Gross images of the discs and overview of the static spatial proteomic data.
(A) Gross images of the young and aged cadaveric discs. (B) Proteome-wide distributions per profile across all 66 profiles of the static spatial proteome data. The profiles were named with levels, ages, directions, and compartments. (C)-(E) Venn diagrams of detected proteins among the four major IVD compartments (OAF, IAF, NP/IAF, and NP), per age-group, and per protein category.

Numbers of proteins detected and protein levels for each combination of sample groups.
(A) Violin-plots showing numbers of proteins detected per age-group, for all categories of extracellular matrix (ECM) and non-ECM proteins. The green numbers on top of each violin show the median number of proteins detected per respective sample group. (B) Box-plots showing the expression levels of core-matrisome, non-core matrisome, and non-matrisome proteins. Horizontal green line indicates average. (C-H) Violin plots showing the expression levels of major ECM categories across compartments and age-groups. (I-N) Violin plots showing the expression levels of subcategories of ECM proteins across age-groups.

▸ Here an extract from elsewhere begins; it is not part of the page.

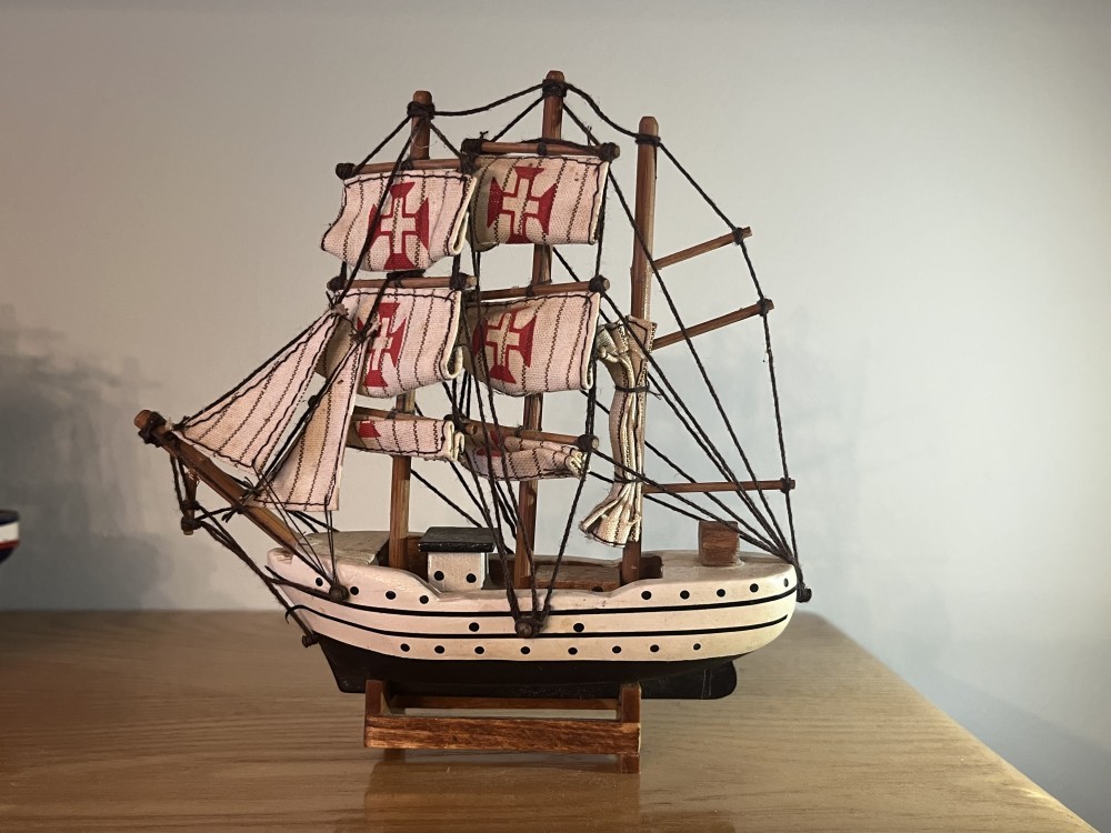 Corabia din imagine. Are 15 cm lungime si 15 cm inaltime.

The green numbers on top of each violin show the median number of proteins detected per respective sample group.

Heatmaps showing different categories of detected proteins.
(A-C) Profiles and their hierarchical clustering patterns of all detected transcription factors or DNA-binding proteins (A), cell surface markers (B), inflammatory proteins (C). (D) Numbers of signalling proteins detected per compartment and age-group in the data. The colour scale corresponds to proteins in overlap within each entry divided by total number of proteins in the pathway.

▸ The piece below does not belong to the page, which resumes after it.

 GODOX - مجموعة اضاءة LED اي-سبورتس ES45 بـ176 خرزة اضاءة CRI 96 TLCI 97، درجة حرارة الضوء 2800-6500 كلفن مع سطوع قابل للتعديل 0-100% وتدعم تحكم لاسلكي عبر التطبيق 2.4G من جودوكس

Histones and housekeeping genes reflect cellularities.
(A) Scatter-plots showing the co-expression of four histone proteins that were detected in over 60 profiles. (B) Violin plot showing the expression levels of the histones across age-groups. (C) Scatter plot showing the co-expression between ACTA2 and the average of histones. (D) Scatter plot showing the co-expression between ACTA2 and GAPDH. (E) Scatter plots showing the co-expression between ACTA2, GAPDH, and histones, and COL2A1, and ACAN. (F) Scatter plot showing the co-expression between COL2A1 and ACAN. All values are in log2(LFQ). r is Pearson correlation coefficient.

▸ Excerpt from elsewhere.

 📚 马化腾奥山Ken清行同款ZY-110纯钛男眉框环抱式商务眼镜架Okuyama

Principle component analysis (PCA) of the 66 static spatial profiles based on a set of 507 genes selected by optimal cutoff (see Figure 2—figure supplement 1A–C).
(A) Scatter-plot of PC1 and PC2 colour-coded by compartments, and dot-shaped by age-groups. Solid curves are the support vector machines (SVMs) decision boundaries between inner disc regions (NP, NP/IAF, IAF) and OAF, and dashed curves are soft boundaries for probability equal to ±0.5 and are applied to all plots in this figure. (B) Scatter-plot of PC1 and PC2 colour-coded by disc levels. The SVM boundaries are trained between L5/S1 and upper levels (L3/4 and L4/5). (C) Scatter-plot of PC1 and PC3, colour-coded by disc compartments. The SVM boundaries are trained between inner disc regions and OAF. (D) Scatter-plot of PC1 and PC3, colour-coded by disc levels. The SVM boundaries are trained between L5/S1 and upper levels (L3/4 and L4/5). (E) Top 100 positively and negatively correlated genes with PC1, colour-coded by ECM categories. (F) Top 100 positively and negatively correlated genes with PC2, colour-coded by extracellular matrix (ECM) categories. (G) Top 100 positively and negatively correlated genes with PC3, colour-coded by ECM categories.

Selection of genes for performing principle component analysis (PCA) and results of ANOVA on assessing global data variability.
(A) Histogram and key percentiles of the average expression levels of all 3100 detected proteins. Average was calculated based on the valid samples of each protein. (B) Selecting an optimal cutoff above which proteins will be used for performing PCA. Upper panel, proteins were ordered in decreasing order by its number of valid values. Second panel: the slope of the upper panel. Third panel: the fraction of all valid values in the whole data-set captured per each cutoff. An optimal cutoff corresponding to the cutoff of ‘>39 valid values’ was found where the slope is steepest. Lower panel: the fraction of missing values within the selected dataset at each cutoff. (C) A list of the proteins (categorised by their functional families) that both meet the criteria in (B) and fall in the 5–95% range in (A). (D) A scatter plot showing the positive relation between number of valid values per protein, and the average expression level per protein. (E)-(G), the percentages of variance captured by the top principal components (PCs) in the whole dataset (E), young samples only (F), and aged samples only (G). (H)-(J) Horizontal box plots showing the percentages of variance explained by four phenotypic factors, for different scopes of protein sets. (H) Young and aged combined. (I) Young only. (J) Aged only.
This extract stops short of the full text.